● Aim of the exercise
From the first line of the listing below to the line containing "Rénovation d’un bel", write out everything exactly. No pictures.

----- Raw data

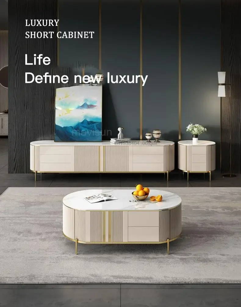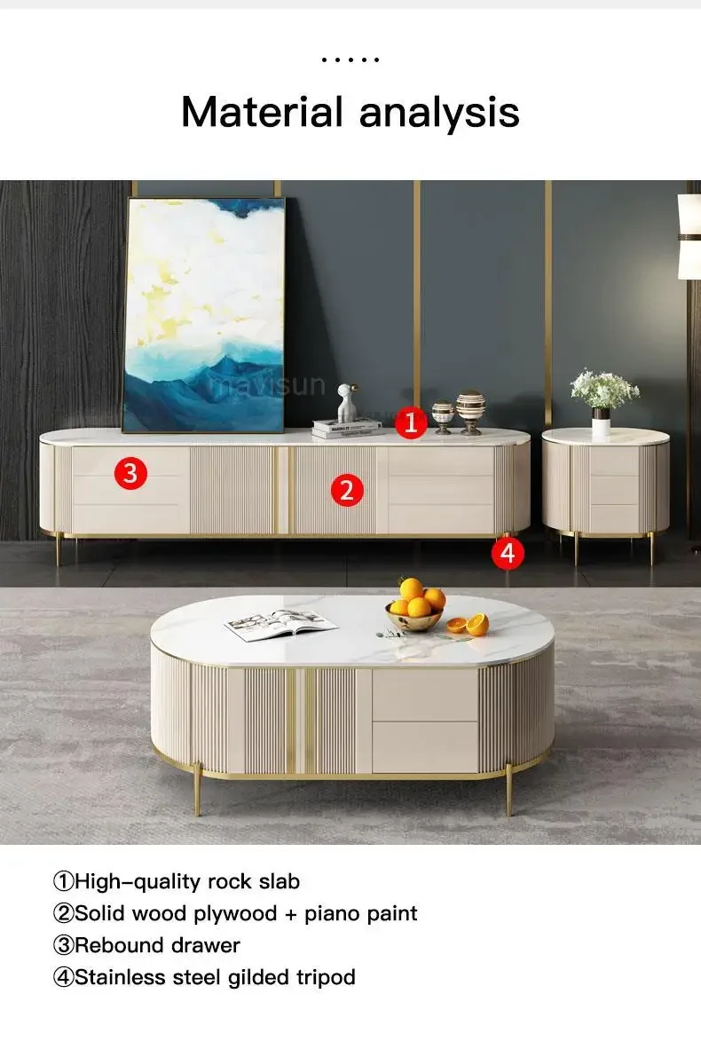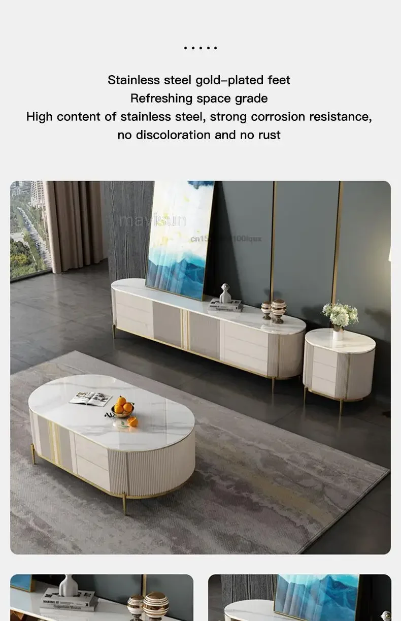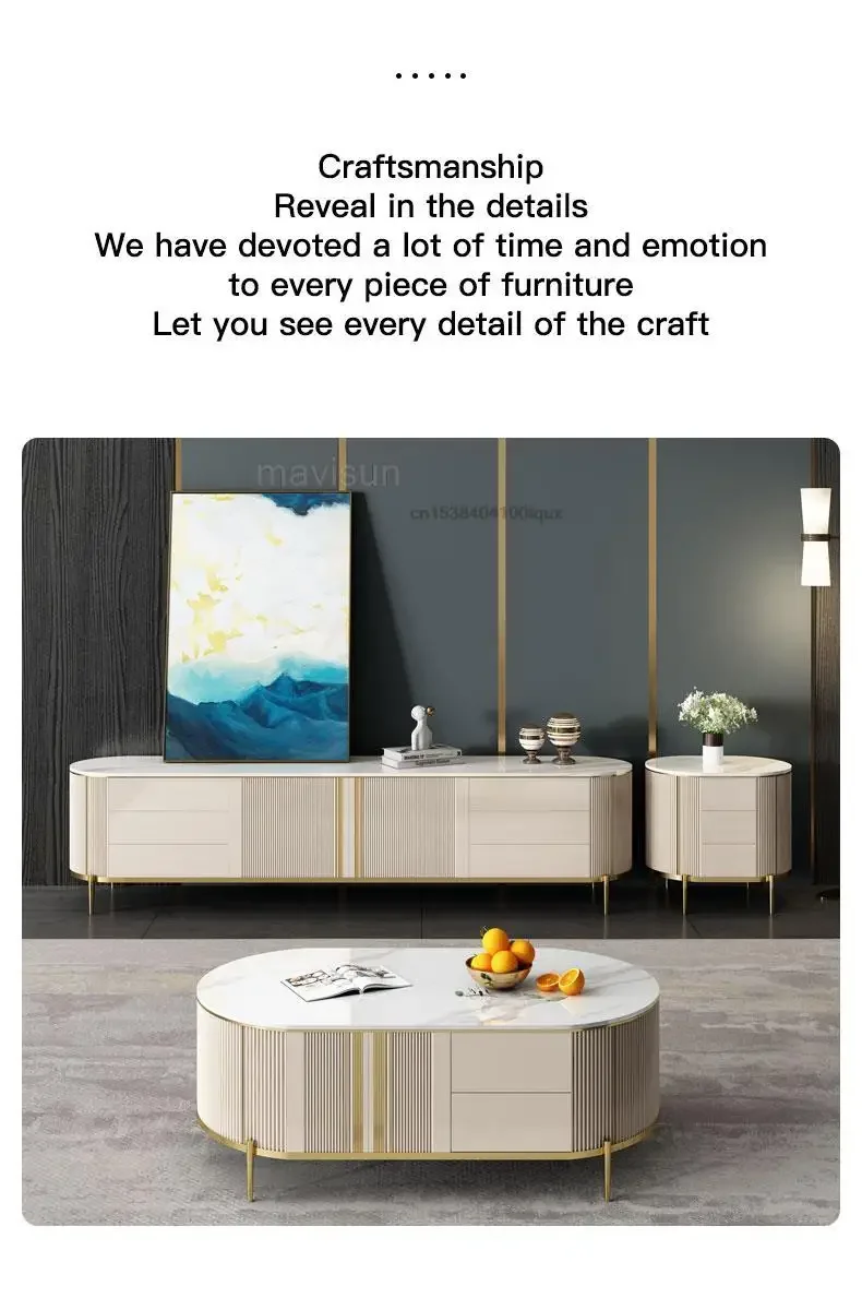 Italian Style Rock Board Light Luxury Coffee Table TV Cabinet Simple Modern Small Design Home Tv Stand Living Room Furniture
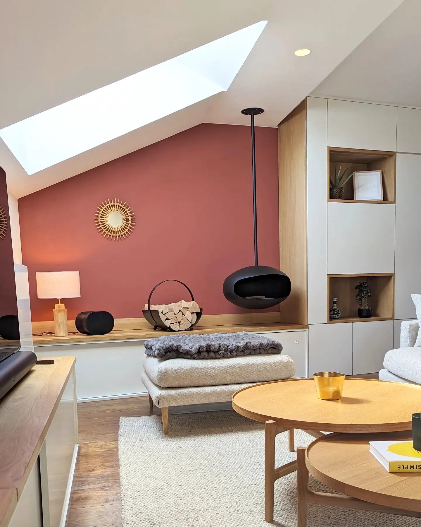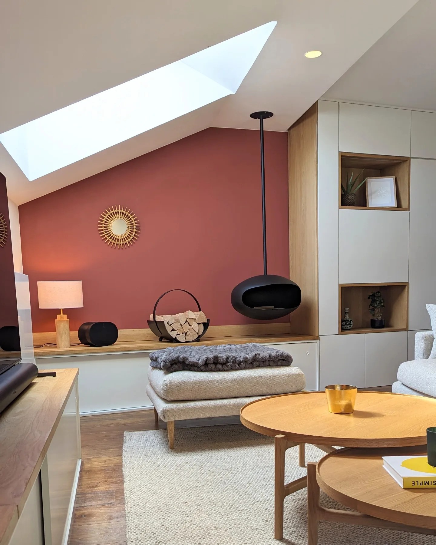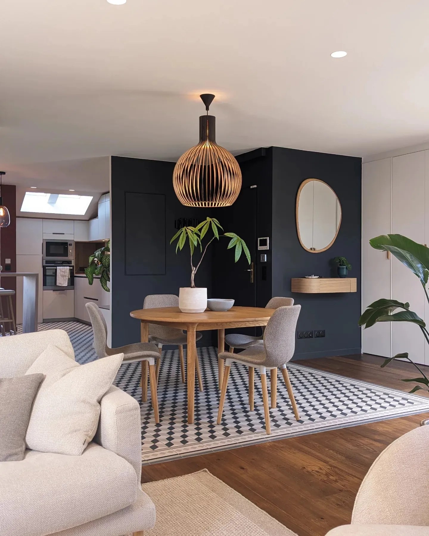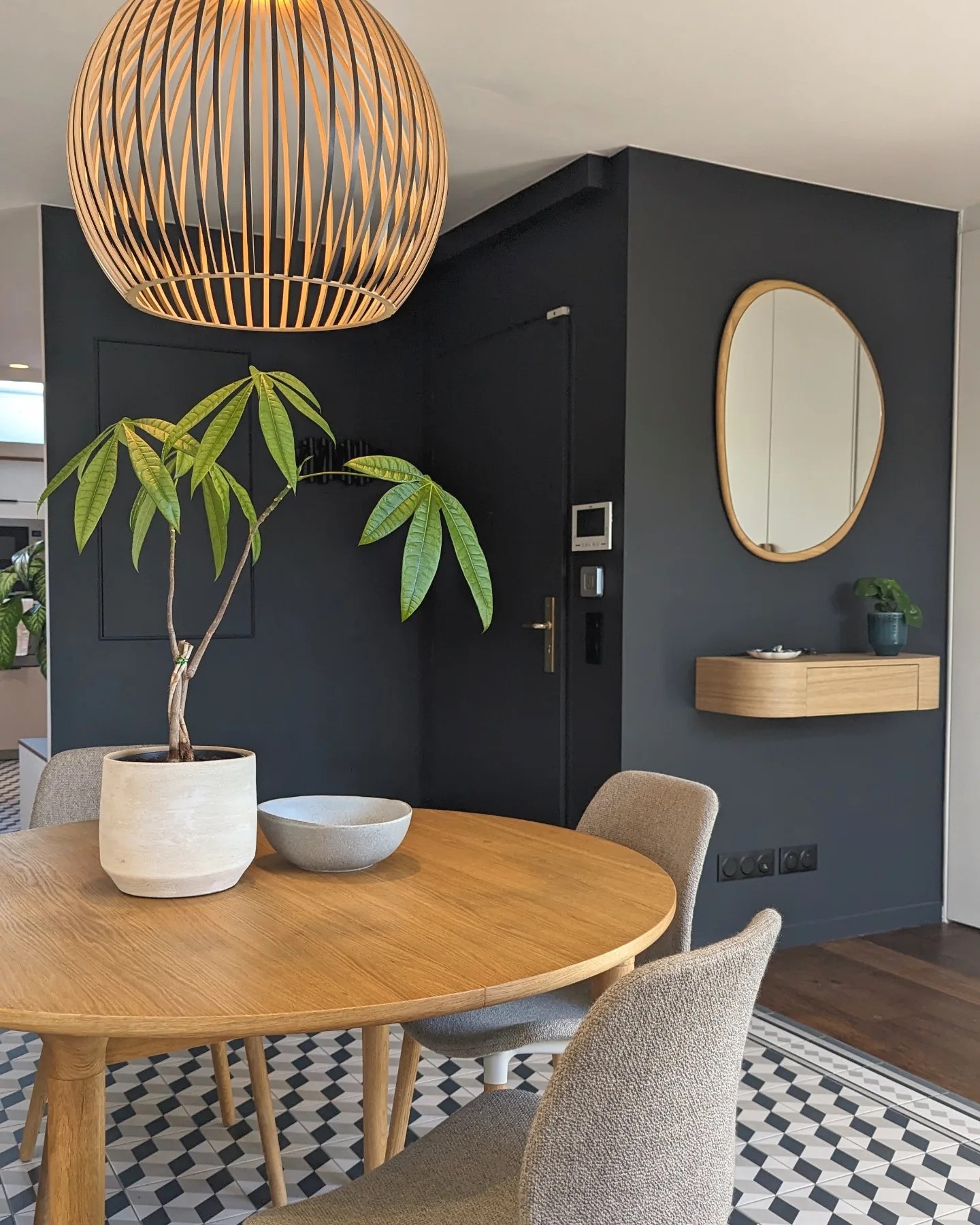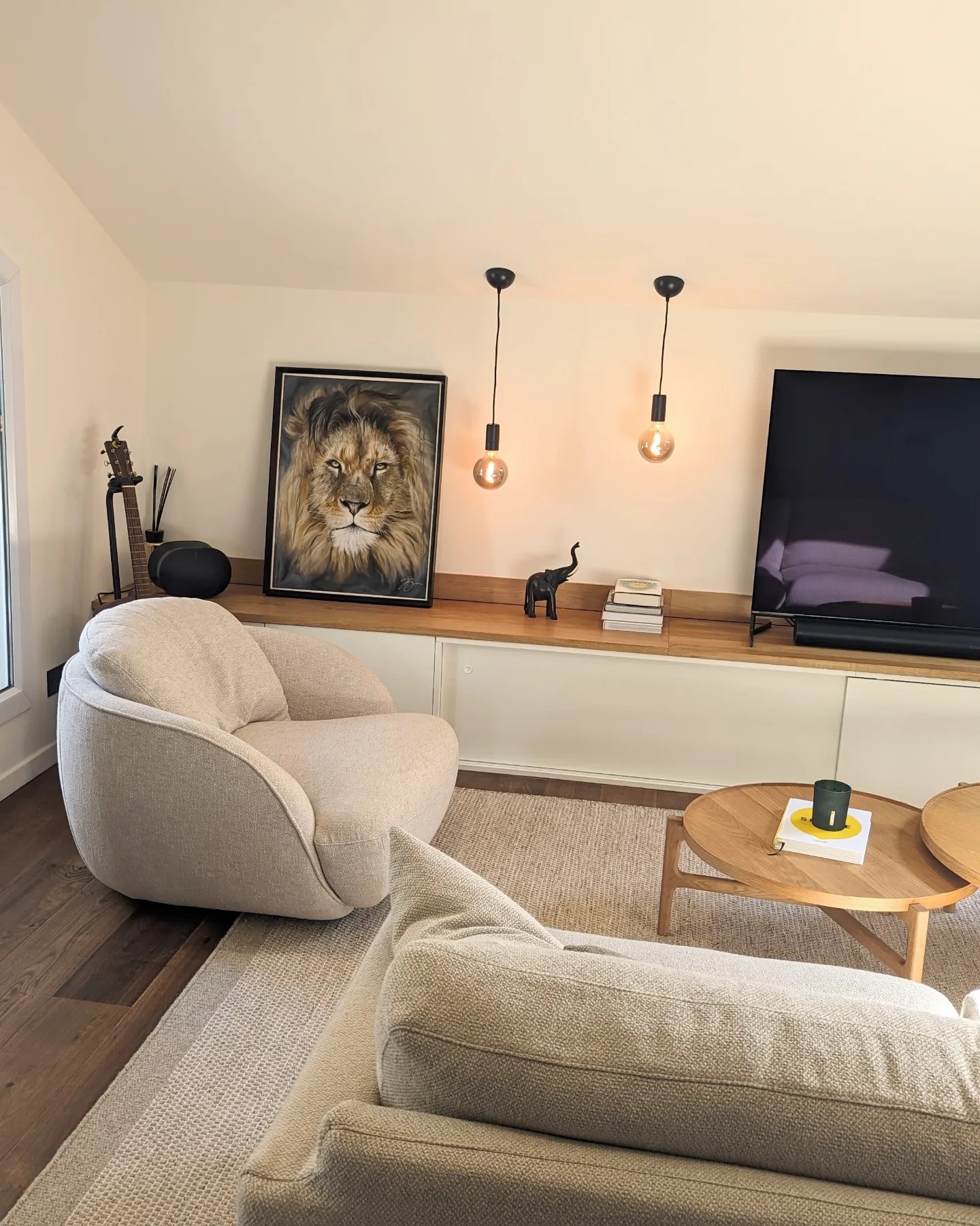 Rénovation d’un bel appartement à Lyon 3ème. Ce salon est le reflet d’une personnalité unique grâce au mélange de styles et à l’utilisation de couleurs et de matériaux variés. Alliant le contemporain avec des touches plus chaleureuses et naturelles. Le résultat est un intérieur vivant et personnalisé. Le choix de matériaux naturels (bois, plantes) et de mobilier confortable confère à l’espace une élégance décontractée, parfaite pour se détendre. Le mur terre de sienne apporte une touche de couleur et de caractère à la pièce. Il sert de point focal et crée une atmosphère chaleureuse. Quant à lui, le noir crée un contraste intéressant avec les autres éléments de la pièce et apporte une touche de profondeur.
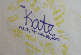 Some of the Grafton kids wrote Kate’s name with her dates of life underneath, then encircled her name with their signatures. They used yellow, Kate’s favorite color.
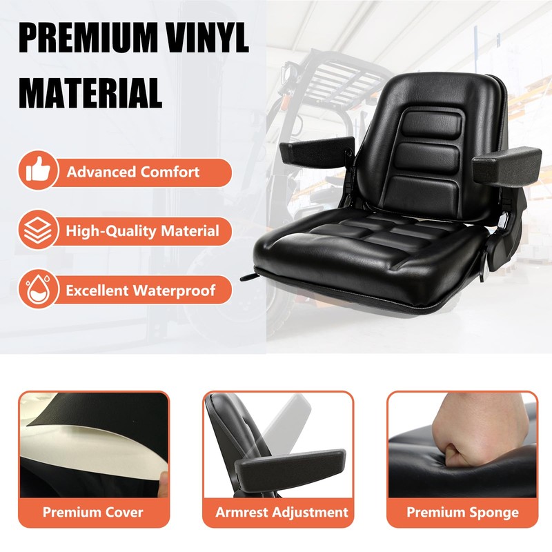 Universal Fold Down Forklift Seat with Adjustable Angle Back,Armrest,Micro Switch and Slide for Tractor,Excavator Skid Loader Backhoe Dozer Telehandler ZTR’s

----------

● Solution to the problem
 Italian Style Rock Board Light Luxury Coffee Table TV Cabinet Simple Modern Small Design Home Tv Stand Living Room Furniture
 Rénovation d’un bel appartement à Lyon 3ème. Ce salon est le reflet d’une personnalité unique grâce au mélange de styles et à l’utilisation de couleurs et de matériaux variés. Alliant le contemporain avec des touches plus chaleureuses et naturelles. Le résultat est un intérieur vivant et personnalisé. Le choix de matériaux naturels (bois, plantes) et de mobilier confortable confère à l’espace une élégance décontractée, parfaite pour se détendre. Le mur terre de sienne apporte une touche de couleur et de caractère à la pièce. Il sert de point focal et crée une atmosphère chaleureuse. Quant à lui, le noir crée un contraste intéressant avec les autres éléments de la pièce et apporte une touche de profondeur.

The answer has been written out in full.